Альфредо Конде - Ноа а ее память
Я вспоминаю это и испытываю все огромное напряжение смертной оболочки, обволакивающей человеческую душу, безмолвное напряжение, которое создает жизнь, оскорбительную жестокость, пожирающую нас на площадках лестниц, в автомобиле, устремляющемся в ночь, в лифте, поднимающем нас на другую лестничную площадку. И я знаю, что весь этот мир, заселенный чужими людьми, встречающимися тебе на улице, весь этот мир сводится к мужчине и женщине, страстно любящим друг друга, когда на площадках лестницы, которая и есть эта жизнь, для них находится маленький уголок, где можно дышать одним воздухом. И тогда автомобиль, в котором ты устремляешься в ночь вместе с мужчиной, лестничная площадка, на которой ты встречаешь мужчину, лифт, поднимающий не только тебя, но и мужчину, получают истинный смысл: тот самый смысл, которого всегда лишал меня мой Кьетансиньо, этот негодник, оставляя меня холодной и жаждущей. Поэтому наступающая ночь никогда нам не принадлежала, и горьким было ложе, лишенное жизненного простора, где можно захлебнуться воздухом, ложе, не дающее возможности содрогнуться на головокружительной высоте безумства. И я освобождаюсь от неудовлетворенного желания в беге, мчась без устали сначала по лесу, потом по равнине и, наконец, по асфальту, взбираясь неведомыми тропами на крутые склоны и ласковые холмы и спускаясь с них. Так бегу я и сейчас, проклиная йогов и квоту вдохов и выдохов, которую их теория предоставляет нам, простым смертным; я чувствую, что колени мои немеют, руки становятся холодными в это осеннее раннее утро, и пот, тоже холодный, струится мне на брови и стекает на глаза.

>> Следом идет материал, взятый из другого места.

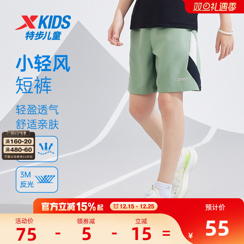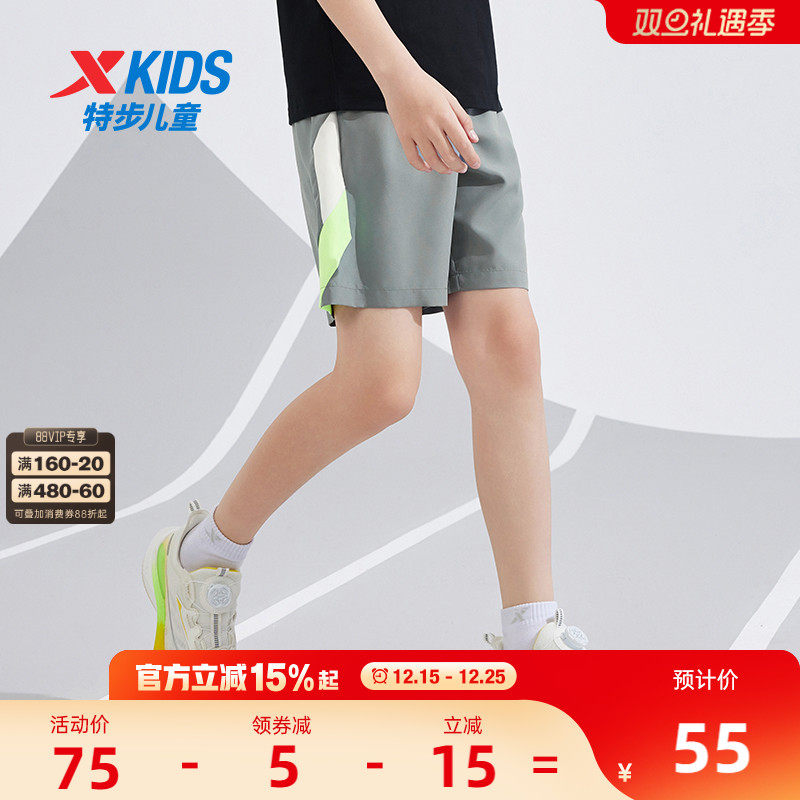 特步儿童拼接速干短裤男童五分裤2025年夏季新款大童薄款裤子夏装

Я вышла из дома рано утром, постепенно от горизонта поднялось солнце, но утро все равно принадлежит мне, и оно останется моим, а городом тем временем уже завладел дневной свет, и солнце светит над ним, забытое и бесполезное. В конторах лишенные тени люди разложат бумаги под флуоресцентными лампами, а в школьных классах злые тени будут нести чушь, которую дети с годами забудут. На бульварах старики выйдут на свет и устремятся к солнцу, опустившемуся на скамейки, на старые камни или на стекла машин, и освещенные солнцем существа будут бить в несуществующие бубны воздуха, становящегося густым и вязким, как ил. Кто-то побредет, все еще охваченный грезами, позаимствованными в чаше творящего чудеса ночного вина, и начавшийся вдруг дождь принесет грусть, против которой будет бессилен зонтик; а я тем временем обегу город, пересеку шоссе и углублюсь в свет каштановых рощ, такой золотистый этой ранней осенней порой, а потом опущу свое потерпевшее неудачу тело на землю дубрав. Я продолжу свой бег, я буду бежать и вспоминать, покуда солнце медленно встает, а когда начнется его каждодневная агония, я спущусь вниз, в городские джунгли и буду рассказывать людям о том, что значит слово, о его нежнейшем трепете на самой поверхности вздохов, у истока дыхания, там, где покоится душа, притаившись у новых ростков, которые самое это слово только что взрастило в своем непрерывном творчестве. Я прибегу в городские джунгли и скажу людям, что отечество — это не Земля, отечество — это язык, слово за словом. А пока этот час не настал и солнце еще не склоняется к закату, я скажу каждому камню его имя, я буду произносить слова, я скажу: булыжник и плитняк, валун и курган, утес и скала, известняк и галька, кремень и гранит, а еще я призову воды слиться в реки и озера, в ручьи и ключи, в дожди и росу, в лиманы и море, открытое море.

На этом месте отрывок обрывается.